The entries below contain a stretch that opens with the line containing "The Oval Cup" and closes with the line containing "LEFT HANDED ENGLISH"; set down that stretch exactly, both ends included, and nothing else.

## Records for this exercise
:::::

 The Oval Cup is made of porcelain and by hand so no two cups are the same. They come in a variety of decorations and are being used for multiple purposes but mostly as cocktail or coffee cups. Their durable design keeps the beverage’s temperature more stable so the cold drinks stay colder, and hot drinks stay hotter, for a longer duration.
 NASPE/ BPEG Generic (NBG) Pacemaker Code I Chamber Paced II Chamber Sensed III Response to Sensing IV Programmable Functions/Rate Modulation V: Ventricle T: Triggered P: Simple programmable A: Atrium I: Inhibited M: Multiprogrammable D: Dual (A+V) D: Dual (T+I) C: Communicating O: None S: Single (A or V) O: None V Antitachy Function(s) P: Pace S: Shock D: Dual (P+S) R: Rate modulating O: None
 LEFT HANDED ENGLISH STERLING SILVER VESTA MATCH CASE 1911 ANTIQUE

:::::

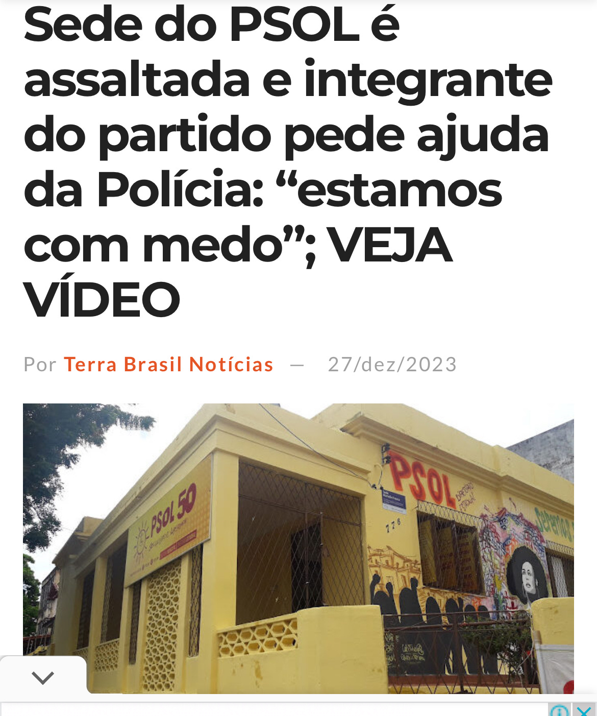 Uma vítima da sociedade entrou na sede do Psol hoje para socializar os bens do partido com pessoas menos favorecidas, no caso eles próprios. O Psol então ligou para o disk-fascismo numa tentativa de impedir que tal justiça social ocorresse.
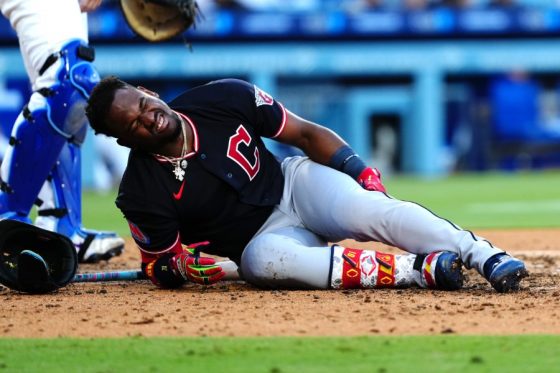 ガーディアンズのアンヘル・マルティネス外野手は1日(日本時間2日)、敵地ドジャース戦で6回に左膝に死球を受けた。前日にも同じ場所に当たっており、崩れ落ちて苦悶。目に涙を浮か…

:::::

## Answer box
 The Oval Cup is made of porcelain and by hand so no two cups are the same. They come in a variety of decorations and are being used for multiple purposes but mostly as cocktail or coffee cups. Their durable design keeps the beverage’s temperature more stable so the cold drinks stay colder, and hot drinks stay hotter, for a longer duration.
 NASPE/ BPEG Generic (NBG) Pacemaker Code I Chamber Paced II Chamber Sensed III Response to Sensing IV Programmable Functions/Rate Modulation V: Ventricle T: Triggered P: Simple programmable A: Atrium I: Inhibited M: Multiprogrammable D: Dual (A+V) D: Dual (T+I) C: Communicating O: None S: Single (A or V) O: None V Antitachy Function(s) P: Pace S: Shock D: Dual (P+S) R: Rate modulating O: None
 LEFT HANDED ENGLISH STERLING SILVER VESTA MATCH CASE 1911 ANTIQUE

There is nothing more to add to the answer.